Insecurity takes toll on economy, as investors shun oil conference

Any lingering doubt about the extent of devastation on the country’s economy due to the current high insecurity was erased today as international and local investors massively boycotted the 16th Offshore West Africa Conference and Exhibition in Abuja.

The conference, themed, “Deepwater Technologies for West Africa”, is an annual technical forum for discussions on the advancement of oil and gas exploration and production (E&P) activities in the West African sub-region organized by Pennwell Corporation. This year, it had less than one-third of its usual participants.

The minister of Petroleum Resources, Diezani Alison-Madueke, who was invited to deliver the keynote address at the opening session neither showed up nor sent a representative. The Nigerian National Petroleum Corporation (NNPC) listed in the brochure of the conference as the lead sponsor also shunned the event.

NNPC’s group Managing Director, Austen Oniwon, also did not turn up for the event, neither did he send any representative

Of all the upstream multinational E&P companies listed as either sponsors or key participants, only Shell Petroleum Development Company (SPDC), Total Upstream and ExxonMobil Corporation registered limited presence, while only 41 companies had exhibition stands out of nearly 200 that reportedly registered for the event.

Most of the participants Premium Times spoke to blamed the poor attendance at the event on the high insecurity in the country, particularly the increasing spate of bombings of public places and churches by the extremist terrorist group, Boko Haram.

“Apart from the high insecurity situation in the country at the moment, the crisis, which resulted in a national strike, affected plans by prospective participants towards the conference,” one official of the organizers said.

“We could have called off the event. But, by the time the strike was suspended, it was too late to get confirmations from most of the sponsors. Besides, we had already made serious commitments to the event that could not be reversed.”

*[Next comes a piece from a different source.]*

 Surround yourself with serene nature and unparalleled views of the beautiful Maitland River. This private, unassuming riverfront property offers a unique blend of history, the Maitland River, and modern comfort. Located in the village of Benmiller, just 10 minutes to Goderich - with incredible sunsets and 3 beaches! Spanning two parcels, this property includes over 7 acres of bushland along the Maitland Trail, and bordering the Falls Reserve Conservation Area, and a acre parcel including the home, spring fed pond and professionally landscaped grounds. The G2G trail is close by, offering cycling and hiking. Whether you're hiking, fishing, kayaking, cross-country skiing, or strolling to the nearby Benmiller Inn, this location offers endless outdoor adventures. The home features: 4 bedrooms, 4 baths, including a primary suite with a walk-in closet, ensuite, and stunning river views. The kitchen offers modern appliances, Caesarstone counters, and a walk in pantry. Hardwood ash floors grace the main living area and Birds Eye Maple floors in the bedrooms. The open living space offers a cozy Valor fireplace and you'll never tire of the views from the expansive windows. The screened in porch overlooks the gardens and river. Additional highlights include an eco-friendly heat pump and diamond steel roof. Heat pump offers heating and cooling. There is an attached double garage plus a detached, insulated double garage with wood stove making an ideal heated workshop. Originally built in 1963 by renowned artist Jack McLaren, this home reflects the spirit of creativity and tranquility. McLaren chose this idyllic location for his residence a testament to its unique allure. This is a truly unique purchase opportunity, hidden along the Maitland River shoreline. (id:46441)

An official of one of the sponsoring multinational companies, who pleaded anonymity, said the implication of the poor attendance at the conference goes beyond the fact of the insecurity in the country, which is sending terrible signals to the international community. He urged the Federal Government to sit up to redress the problems that are stopping investors from coming into the country.

“This is a reflection of state of insecurity in the country,” the official said.

“Most multinational companies have instructed their representatives to stay away from the country as their safety and security could not be guaranteed. This is not good for the development of the oil and gas industry, particularly at this time when there are other countries in the region that are competing for the attention of investors.

“It could have been a different situation when Nigeria was the only oil big producer in the region. Today, with Ghana, Sierra Leone, Angola and Gabon all becoming oil producers, if government does not sit down to address the problem of insecurity, the country would be the worse for it, because investors don’t go to where their investments and security are not guaranteed.”